GUEST LECTURE

Malcom Cook: Australia’s Myth-Busting Relation with China

When

19 June 2019, 11:00-12:00

Where

Trainee Center, room 3.40, Vodární 6, Olomouc

Abstract

Australia’s current relations with China seriously challenge two very popular grand strategic assumptions that are frequently referred to by Chinese interlocutors. The first challenged assumption is that the more another state trade with China, the more its economic and non-economic policies will or should become aligned with those of China or risk Chinese economic retaliation. The second is that allies of the United States in Asia adopt policies opposed by China due solely or primarily to pressure from the United States. Australia is very trade-dependent on China and yet frequently adopts non-economic policies opposed by China.
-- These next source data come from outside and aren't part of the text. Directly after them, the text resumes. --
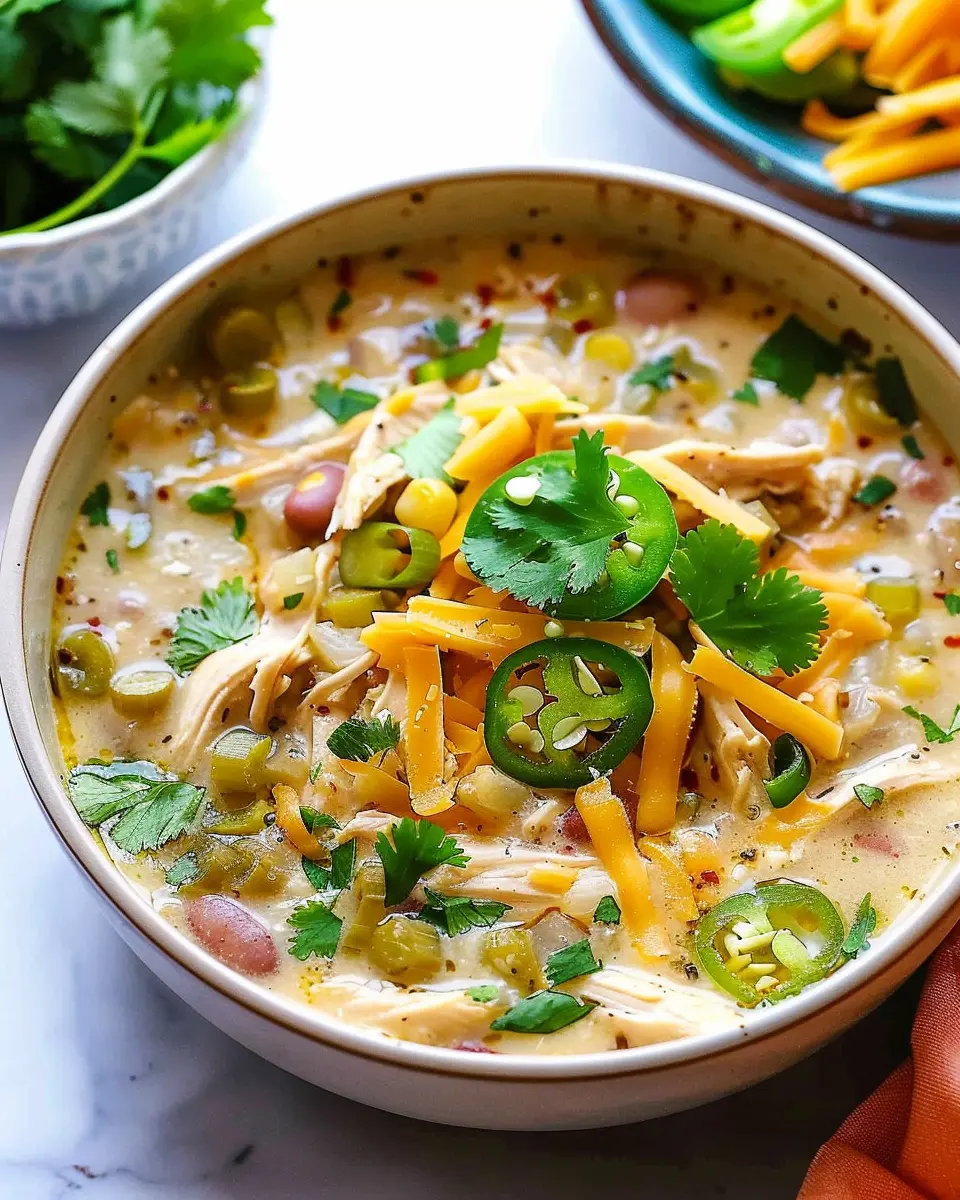 In conclusion, this white chicken chili recipe is a delightful twist on a classic dish that perfectly balances flavor, nutrition, and ease of preparation. With lean proteins from chicken and fiber-rich beans, it’s an excellent choice for a healthy meal that fits your busy lifestyle. Plus, don’t forget about the versatility! You can easily customize this chili to suit your tastes—try swapping in turkey bacon or adding more veggies for an extra nutritional punch.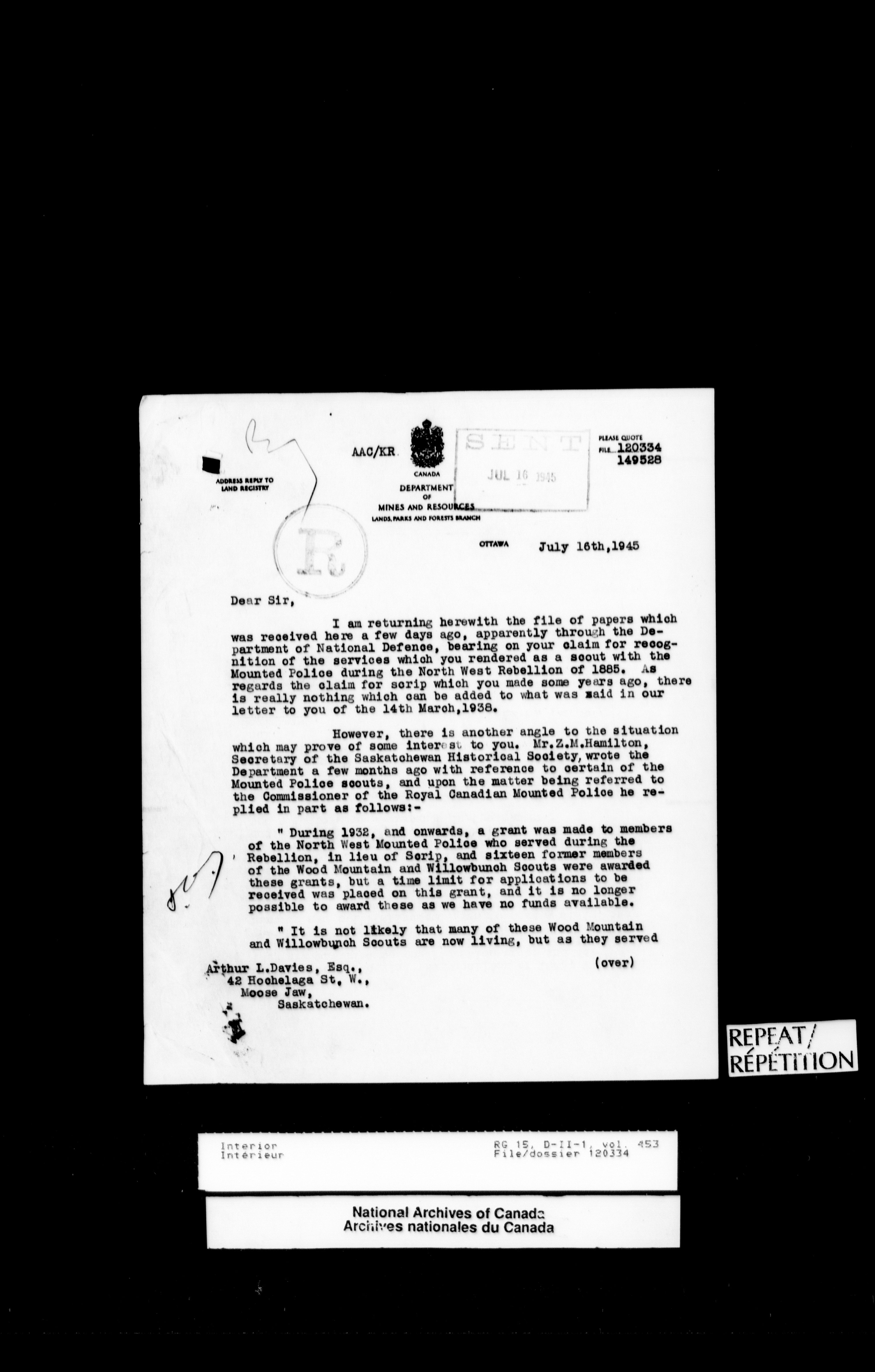 Central registry subject files created by the Dominion Lands Branch - 13142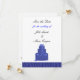 Um design clássico com um bolo de casamento em azul real. Flores em cascata com sotaque azul e fitas bonito. Personalizar com nomes e data de casamento, conforme desejado.
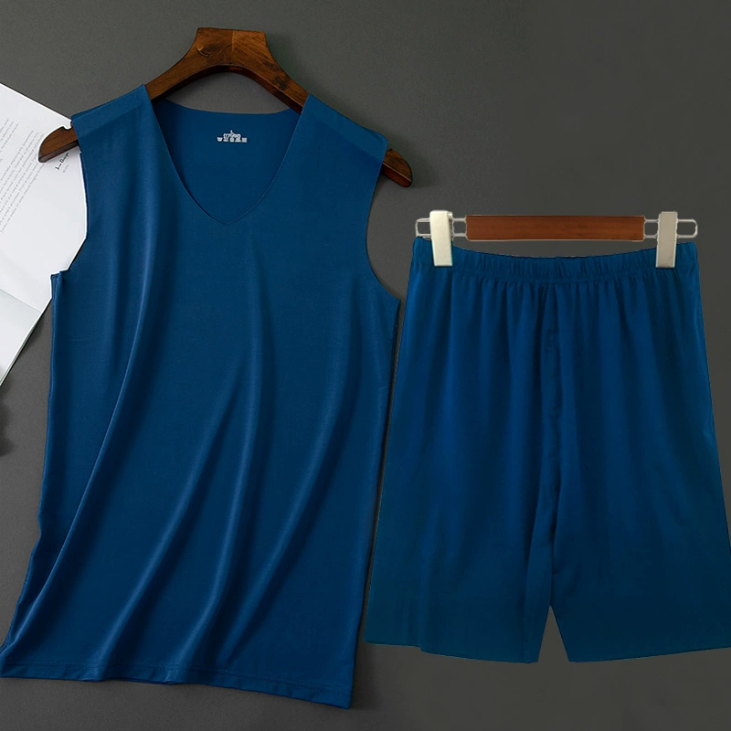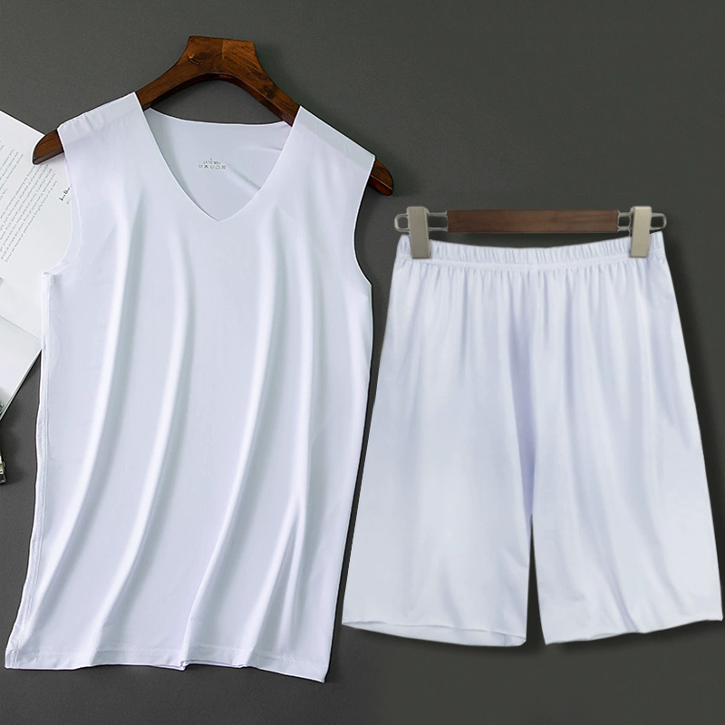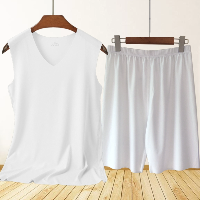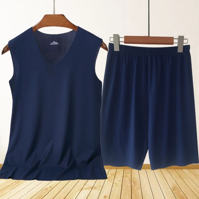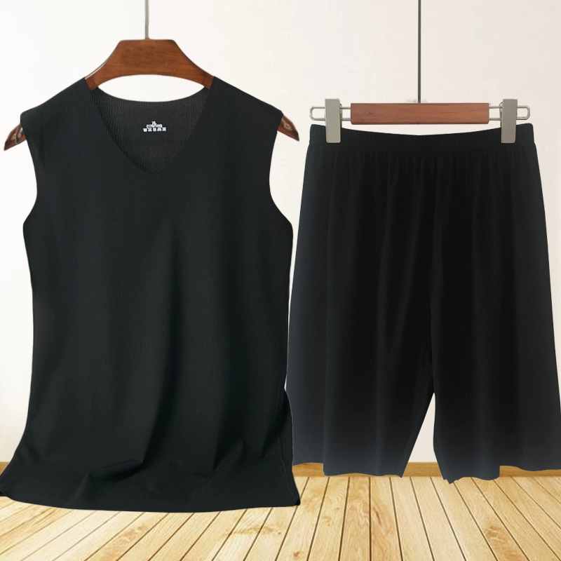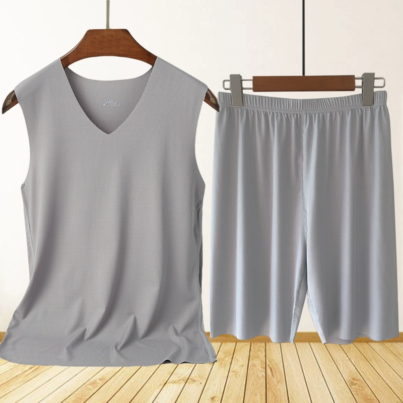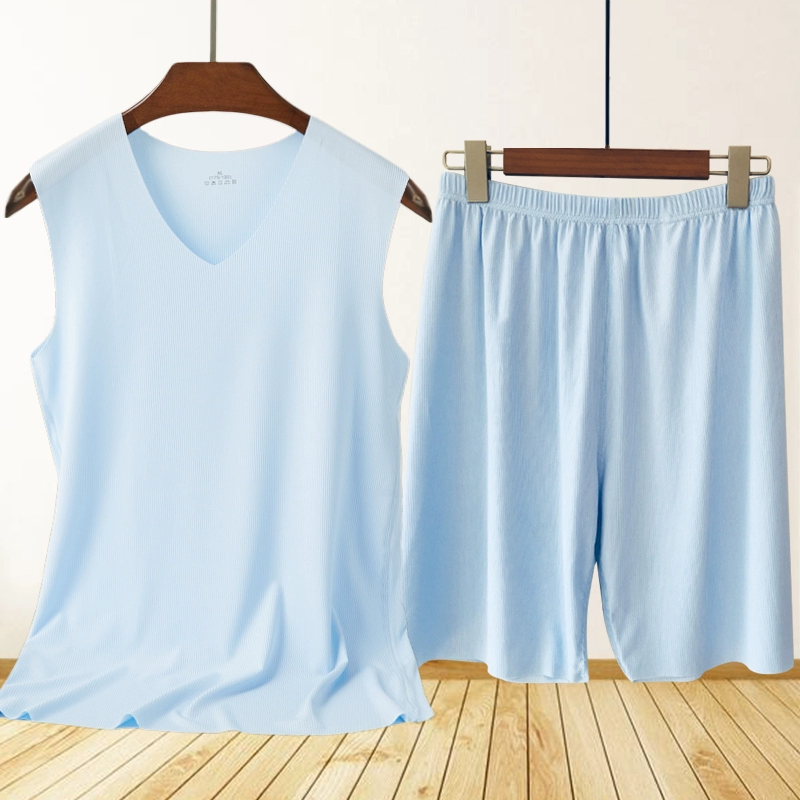 | nameOriginal | Men's Ice Silk Seamless Pajamas Set Striped Vest 5-Point Shorts Two-piece Summer Casual Home Air Conditioning Clothing |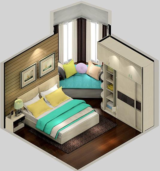 1、卧室——在飘窗凹位做个休闲区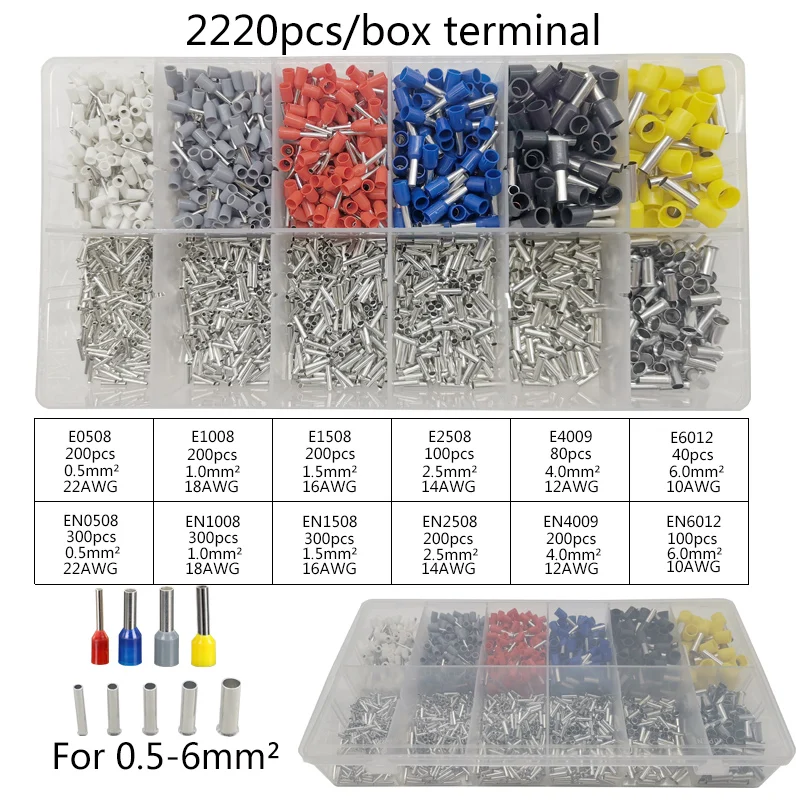 2220 шт. трубчатые клеммы для проводов Наконечники Обжимные электрические Клеммные Соединители провода Соединительная коробка упакованный ...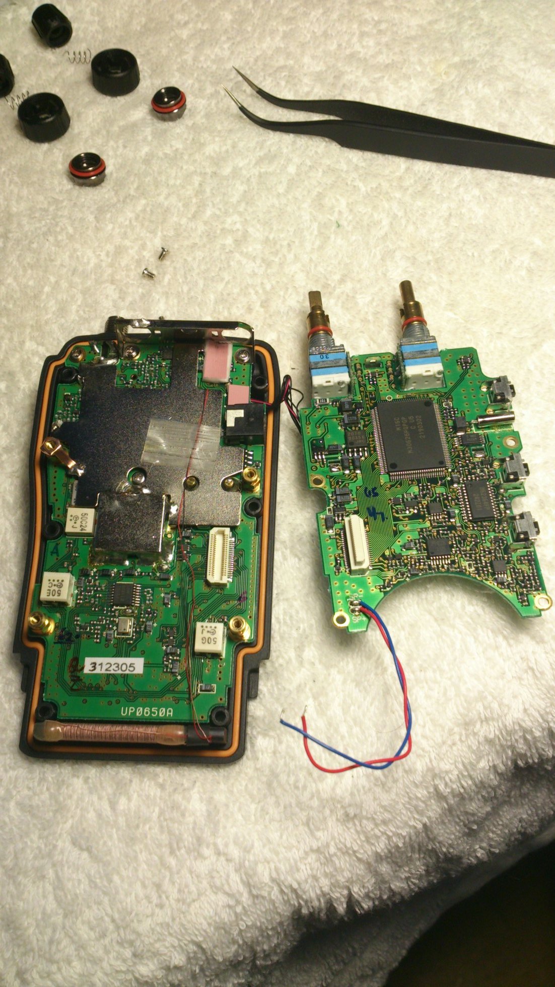 To remove CPU Unit PCB, first remove PTT solder to the shielding metal. Use desoldering braid, flux and a soldering iron. Be careful, do not drop any soldering material below. A little cable that shorts display frame to a metal plate that holds the main and sub dials should also be removed. This can be done with care using a soldering iron and pliers. Do not forget to solder those two points when you assemble the unit again.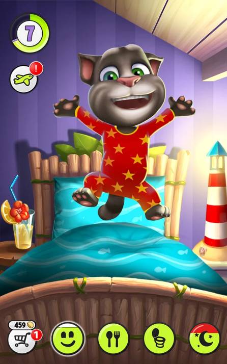 Talking Tom is a fun mobile application game where there is a pet cat called Tom. This app will be an interesting tool which can bring lots of entertainment for children. It can operate on the platform of Android and iOS. Tom will repeat what users said in a funny voice. Users can touch him, pet him or grab his tail to make fun or can also make a video of what he repeats and send the video to Youtube or Facebook through email. For users who owns this application, the most interesting thing is they can say something they want to say to their family or friends, and then share the video Tom has repeated to their family or friends for some festivals or their birthday. That must be something surprising. Talking Tom app is available for both Android and iOS systems. Come and join it for free. With this application, your children will be happy and enjoy it the whole day together with Tom. The methods of how to play it will be listed as follows: Talk whatever you like to Tom and he will repeat what you say in a funny voice. You can press the button to make Tom scratch the screen. He will drink the milk if you pour one bottle for him. He will purr if you pet him on his head or feet. You can also record videos and share on Facebook, Youtube.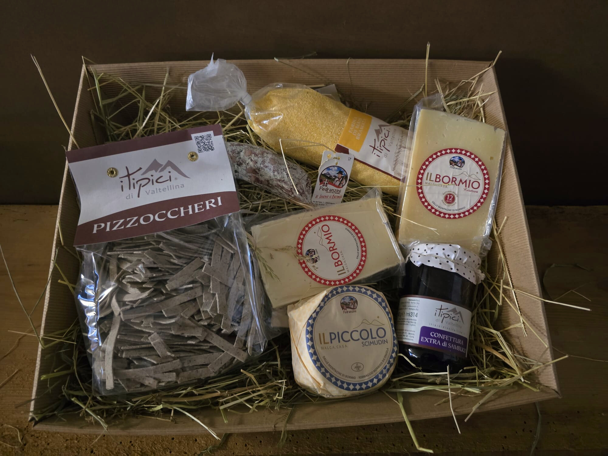 Pizzoccheri, polenta, formaggio, salumi… se si provano a menzionare i prodotti tipici più noti della provincia di Sondrio si finisce ad elencare il contenuto della box natalizia “Il tradizionale”: un nome una garanzia, dal momento che in questo cesto non possono proprio mancare le eccellenze locali più tipiche.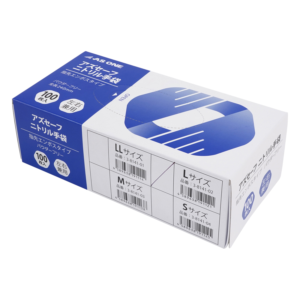 ●*本製品は【3-8141-02(アズセーフニトリル手袋青(指先エンボス)Lサイズ100枚入)×20箱】のケース販売用の品番となります。

Australia is a very close ally of the United States yet on key policy areas from Chinese firms’ participation in Australia’s critical infrastructure to defence cooperation with China, alliance interests have not predominated.   China and the U.S. are less influential over Australia’s definition of its national interest and the policies it pursues than conventional wisdom suggests.

Bio

Dr Malcolm Cook is a Senior Fellow at ISEAS-Yusof Ishak Institute in Singapore. From 2003 to 2010, he was the inaugural East Asia Program Director at the Lowy Institute for International Policy in Sydney and then the inaugural Dean of the School of International Studies at Flinders University in Adelaide. Before that, he was a lecturer at Ateneo de Manila University in the Philippines. Malcolmhas worked in Japan, South Korea, the Philippines, Australia and Singapore. He was awarded a joint honours Bachelor of Arts degree by McGill University in Montreal, a Masters degree in International Relations by the International University of Japan in Niigata-ken and a PhD in International Relations by the Australian National University in Canberra. His 19 June seminar is based on a report on Australia and the U.S.-China Economic Rivalry for the Australian Strategic Policy Institute that is scheduled for release soon.